Classification and handling of zooarchaeological materials

    The enormous range of size and diversity in the living and fossilized species represented on earth reflects the need for the distinction of two types of fauna examined by zooarchaeologists. The first type, called the microfauna include the morphologically smaller organisms such as insects, molluscs and in some cases, even microscopic protists. The benefits provided by the remains of these animals can be realized through the tedious tasks of screening or the use of flotation techniques at an archaeological site (Amorosi et al 1996) or by the examination of rock layers for the fossilized remains of micro-organisms. While the costs of microfaunal recovery can be substantial with respect to time and effort, the advantages of such recovery are numerous, and often provide evidence with greater precision than macrofaunal remains. Due to the fact that smaller organisms are found in greater numbers, bias of interpretation is less common in that statistical significance of their analysis is generally better (Bahn and Renfrew 1996). Furthermore, since smaller organisms have been observed to be much more sensitive climatic change, they are often far superior indicators of ancient local and regional environmental fluctuation within a narrow margin of change.

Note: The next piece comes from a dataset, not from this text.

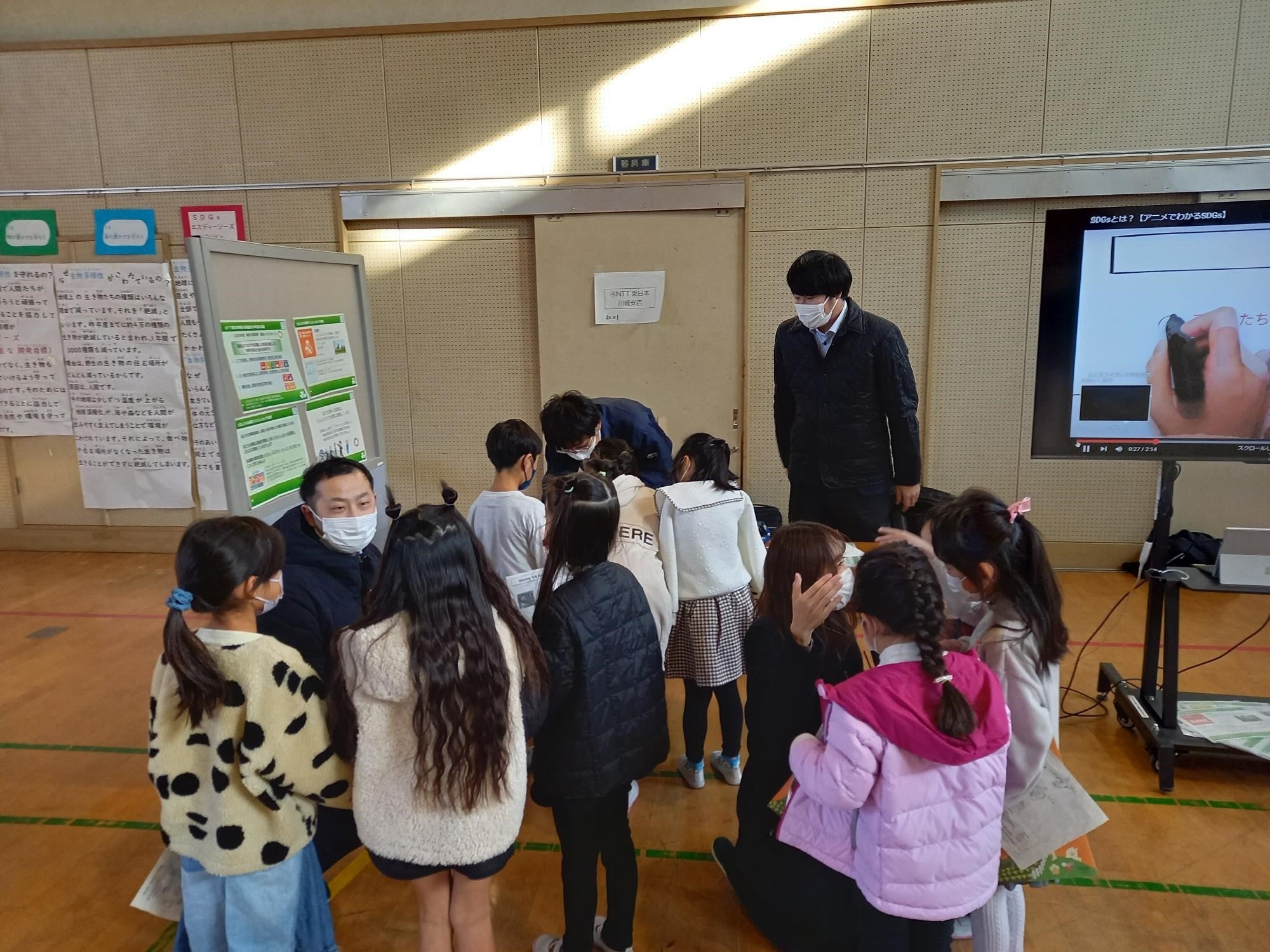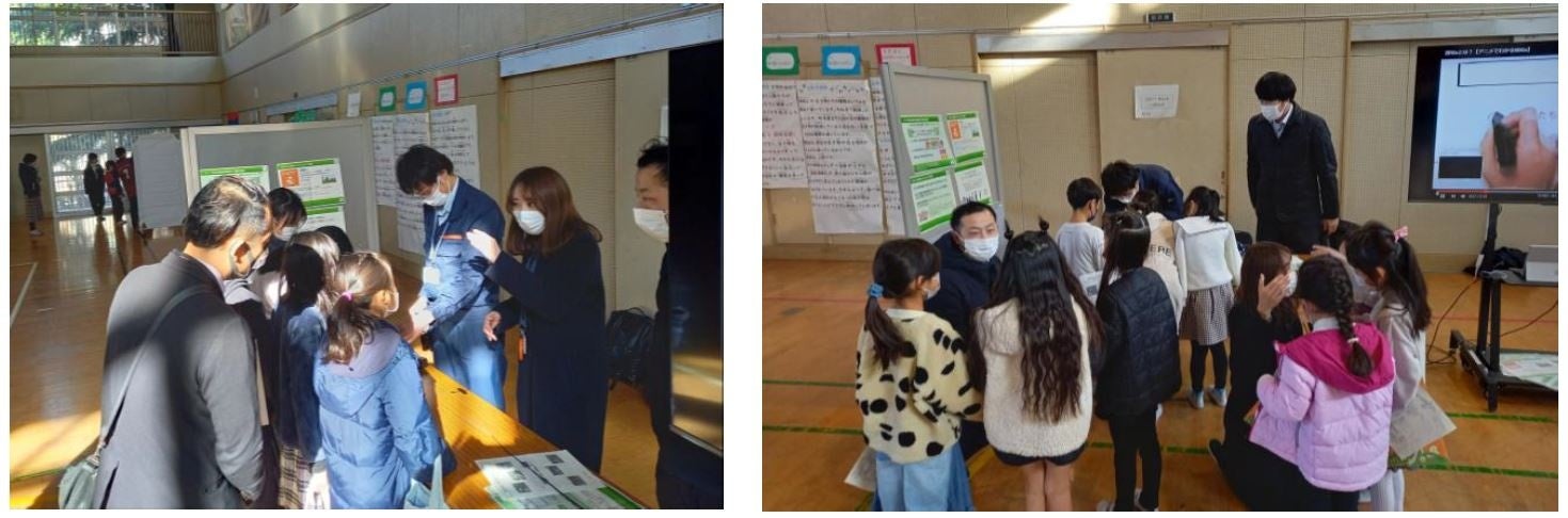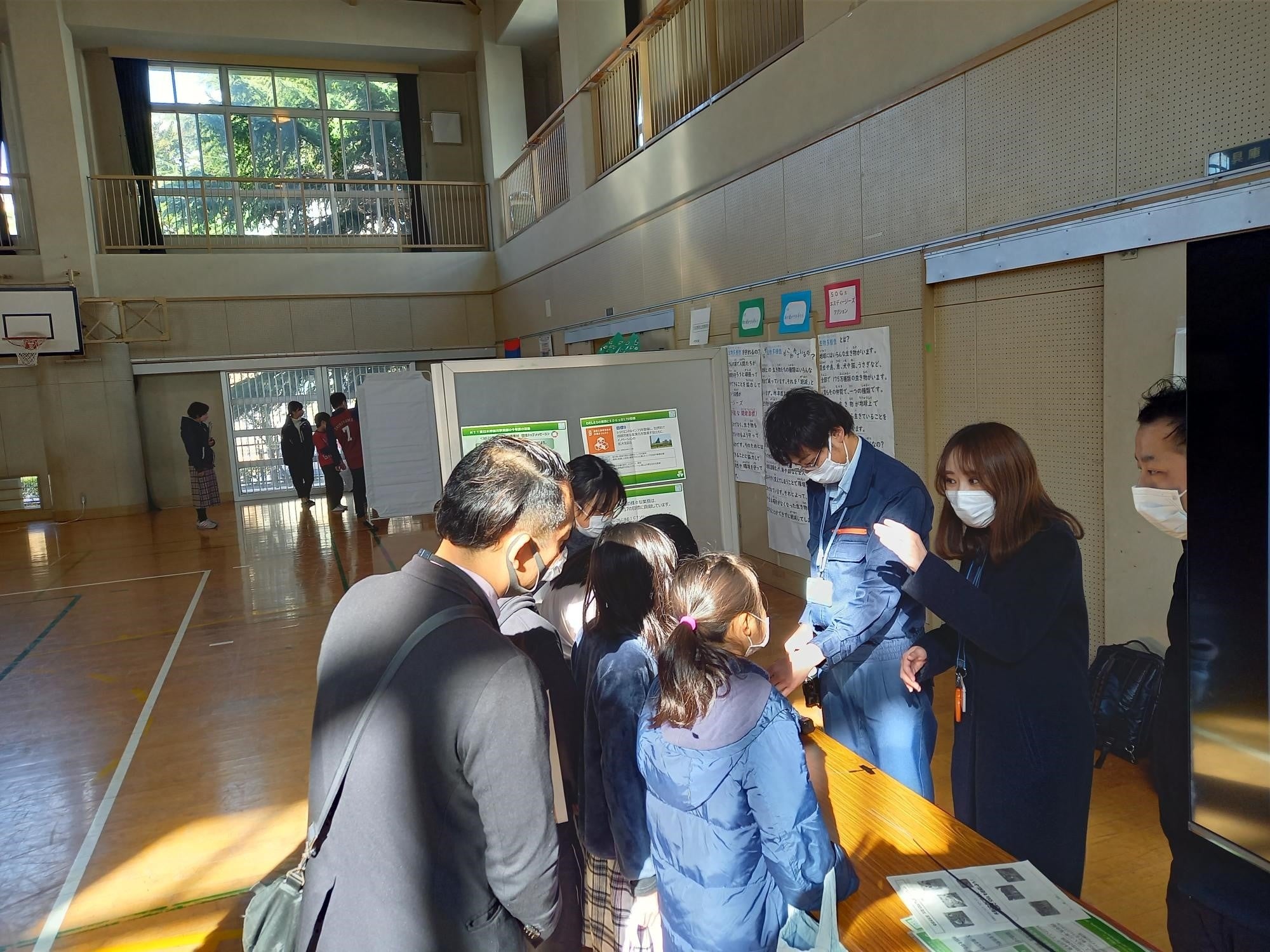 平間小学校はかなりSDGsに力を入れており、学校の中にもいろんな展示がされていました。子どもたちも興味を持って一生懸命話を聞いてくれ、NTT東日本グループが進める取り組みをたくさん理解していただいたと思います。

    Encompassed in the study and interpretation of macrofauna are the larger animals, including those commonly domesticated and exploited by ancient peoples such as horses, pigs, and cows as well as long extinct species that roamed the early earth, such as mammoths. When employed by zooarchaeologists as environmental indicators, macrofauna are much less reliable than microfauna because of their higher resistance and adaptability to changes in the environment (Bahn and Renfrew 1996). However, where the study of ancient human subsistence is involved, advantageous inference from macrofaunal remains occurs often because of the favorable preservation conditions of their remains associated with animal domestication and exploitation (Lyman 1987). Studies in taphonomy, (or burial and deposition of animal remains after death) have shown some human behaviors such as animal remain burial which favour their preservation and depict their use by the culture (Lyman 1987). Particularly for macrofaunal remains, upon recovery of such assemblages at a site, it is important that the zooarchaeologist determine the means of accumulation of those remains at the site, in order to correctly relate their association to the people being investigated (Lupo and Schmitt 1995). When a zooarchaeologist recovers well-preserved animal bones and can distinguish between those placed in an area from natural causes or human deposition, he may begin to exercise their importance with respect to chronology, subsistence, environmental indication, or any combination of these topics.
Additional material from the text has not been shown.